High-throughput Screening: CRISPR-Cas9 and RNAi
HTS is also being used to probe functional genomics. RNA interference (RNAi) screens are being widely used to discover the proteins involved in specific disease pathways and to identify ways to intervene. Using synthetic RNA molecules specific genes are silenced in cells and any resulting ‘loss-of-function’ can pinpoint the gene responsible.6 The CRISPR-Cas9 system has also been used in HTS and can provide more specific information than RNA interference. CRISPR-Cas9-based gene editing has been used to create libraries of viral CRISPR guides that target different genes, and these can be transduced into cell lines.7
CRISPR pioneer, Professor Feng Zhang of the Broad Institute of MIT and Harvard, has used the method to probe resistance to the cancer drug vemurafenib (Zelboraf®) in melanoma cells. Using a high-throughput screen of a CRISPR knockout gene library he identified several hits that confer vemurafenib resistance.
High-throughput Screening: Artificial intelligence and machine learning
The other big advance in HTS is the ability to mine the large amounts of data generated using artificial intelligence. Cronk says the impact on HTS will be huge: “The ability to parallel process data through cloud computing will influence things more than developments in the way the data is acquired.”
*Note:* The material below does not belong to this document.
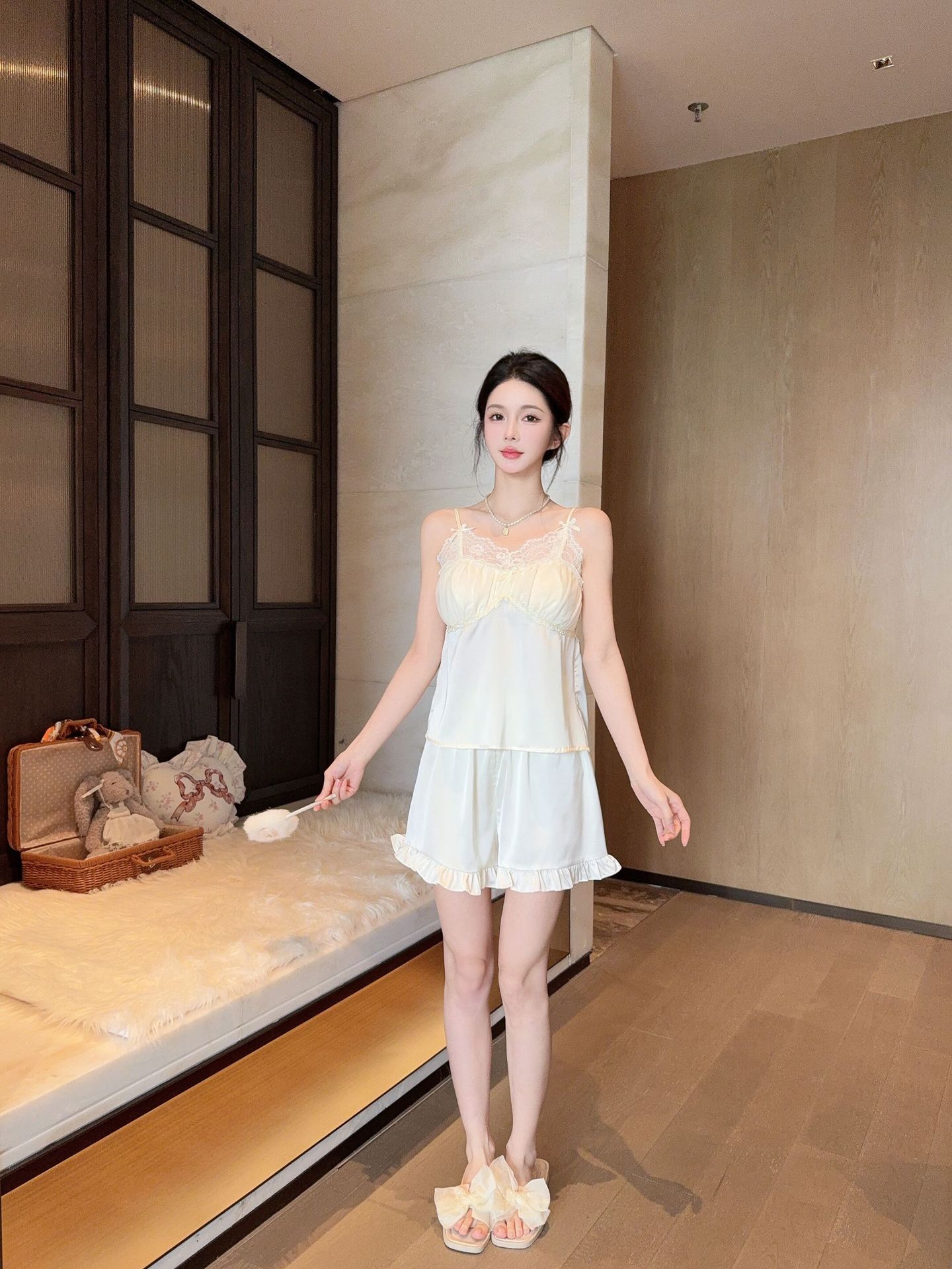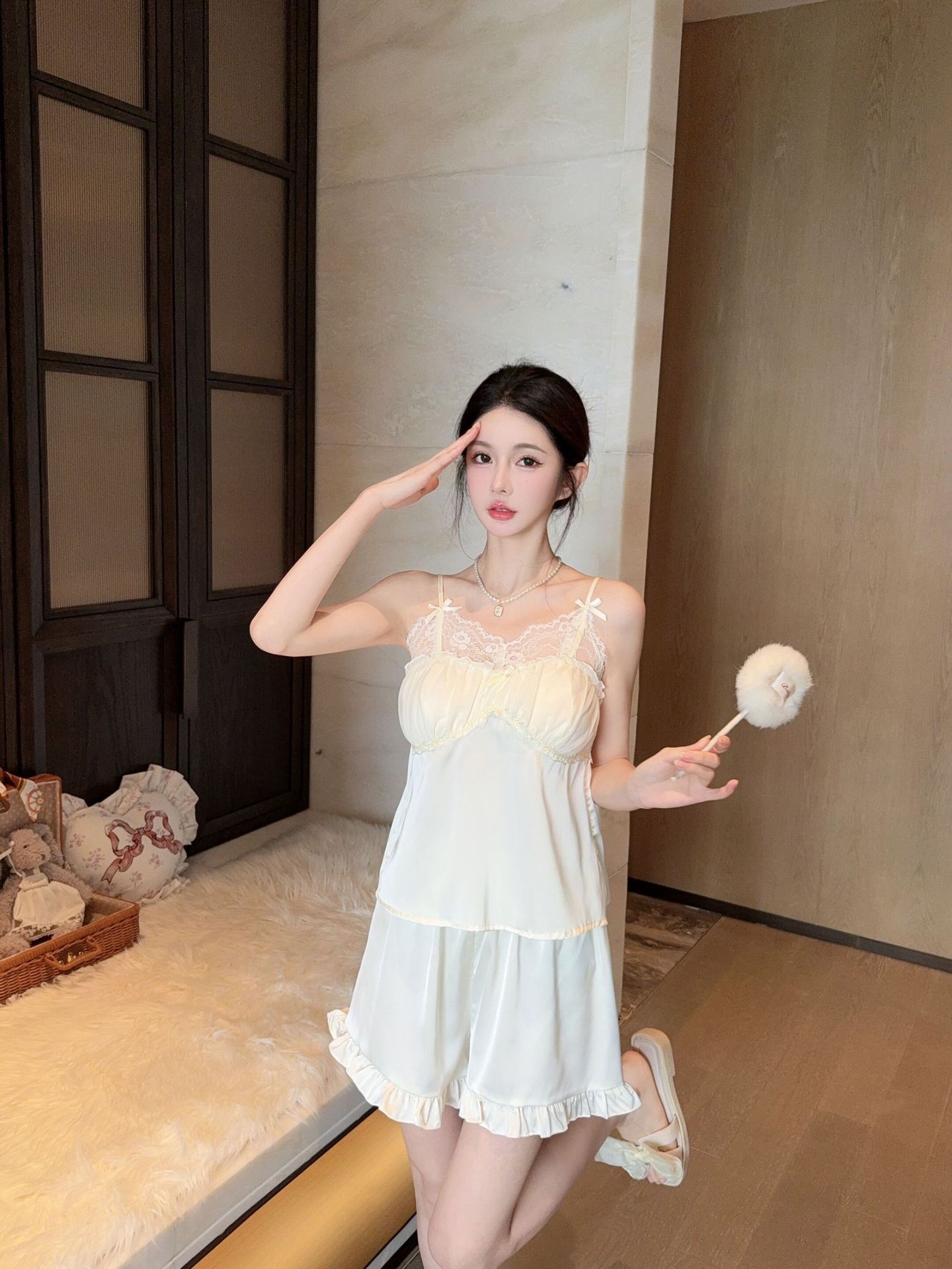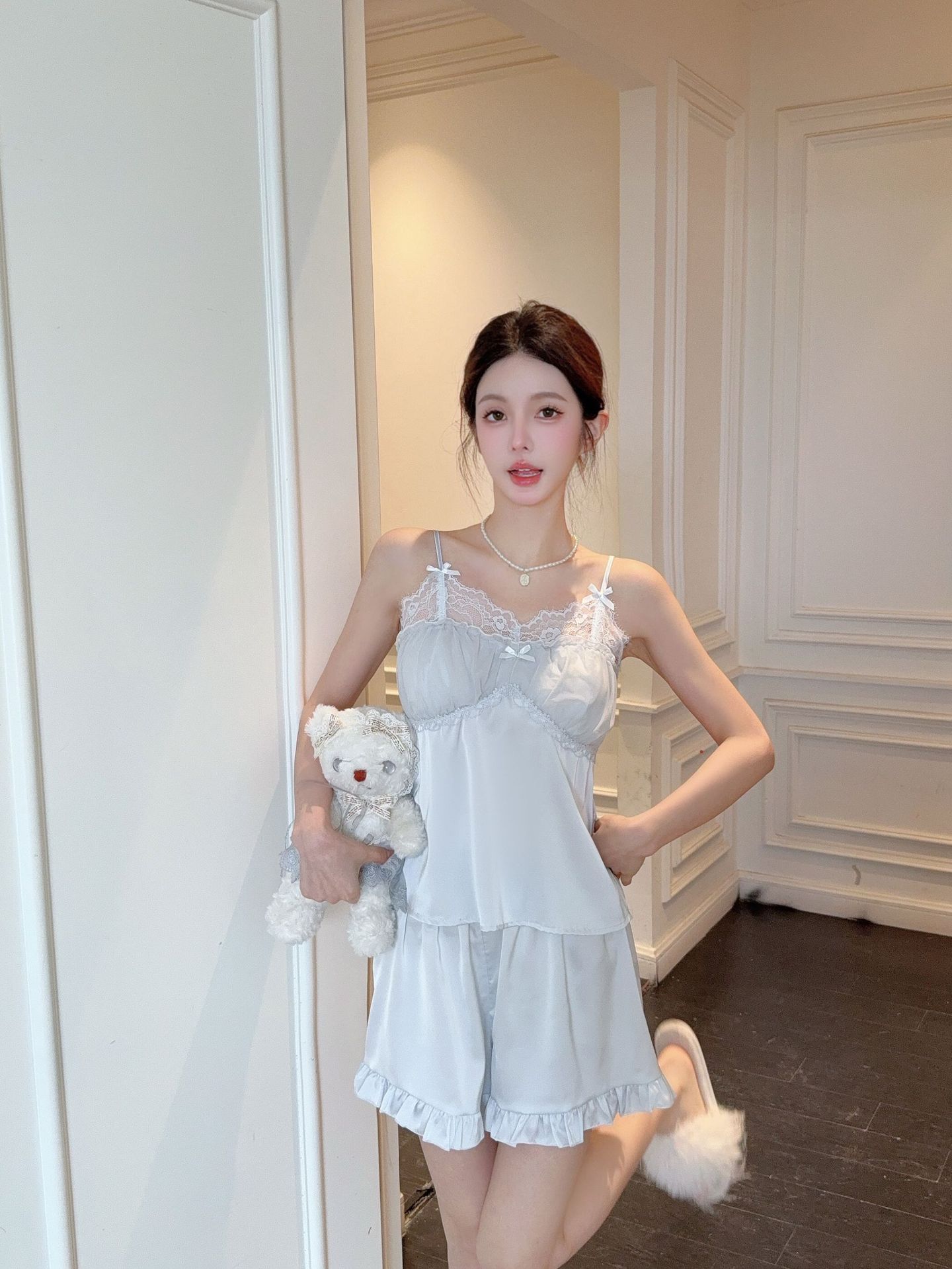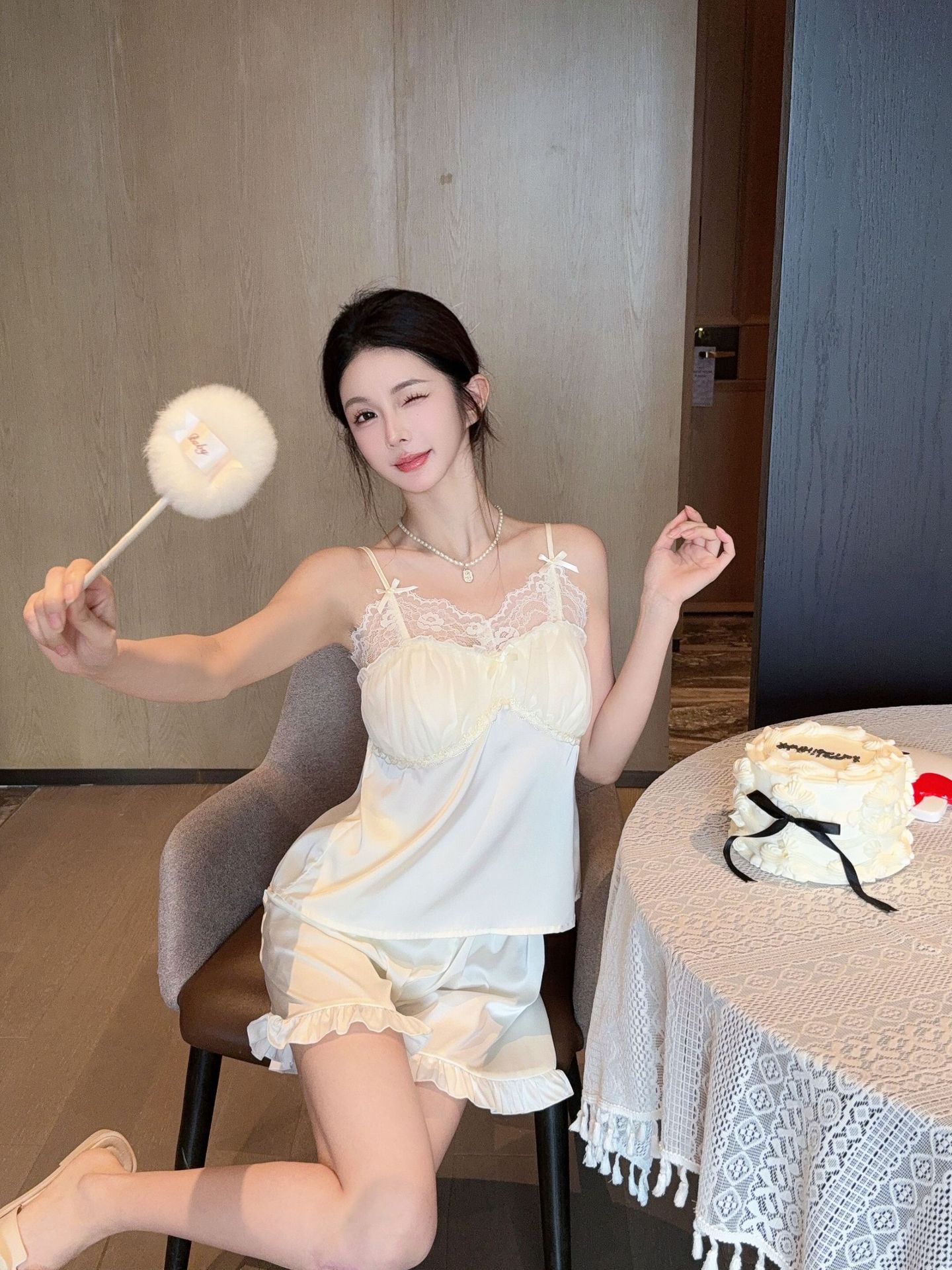 Pijamas de seda de hielo para mujer, verano, niñas, Pure Desire, pantalones cortos con tirantes, ropa para el hogar, traje, pijamas para mujer, rosa, sexy, Pure Desire

“It’s [in] the last decade that [using machine learning to analyse HTS data] has taken off because of the confluence of the size of data, power of computing and then also the algorithms that have started to be developed,” says Dr Sean Ekins, CEO of Collaborations Pharmaceuticals, based in North Carolina. The company focuses on rare and neglected disease drug discovery using publicly available HTS datasets and machine learning models, to identify molecules of interest for further testing.
“The machine learning models are trying to pull out key descriptors or features [of active molecules from HTS data],” explains Ekins. “Once you have a model you can use it to screen a very large library of compounds that are virtual and see if it can find things that have those features that you have already pulled out.” Ekins has used his approach to identify lead molecules for tuberculosis therapies. He was able to virtually screen bioactivity and cytotoxicity information and produce hit rates exceeding typical HTS results.8 He has used a similar approach to identify molecules active against the Ebola virus and the parasite causing Chagas disease.
The evolution of high-throughput screening
Ekins suggests the need for conventional high-throughput screens may actually decline with new developments in machine learning and the increasing amount of data already available. But screening may start to focus on new areas he muses: “What we might be thinking about in the future is very large numbers of combinations, three or four or more compounds.”
“When high-throughput screening first started out, there was this expectation that it was going to essentially produce drug leads de novo from the screen,” says Janzen, “…but people have realized now that it’s [just] one tool for the discovery of novel chemical templates, and by no means the only one.” Although it’s clear that discovering drugs needs a whole raft of tools, often used in parallel, today says Cronk: “The perception of the HTS department has certainly changed and there is a greater recognition of the skills that reside within those teams.”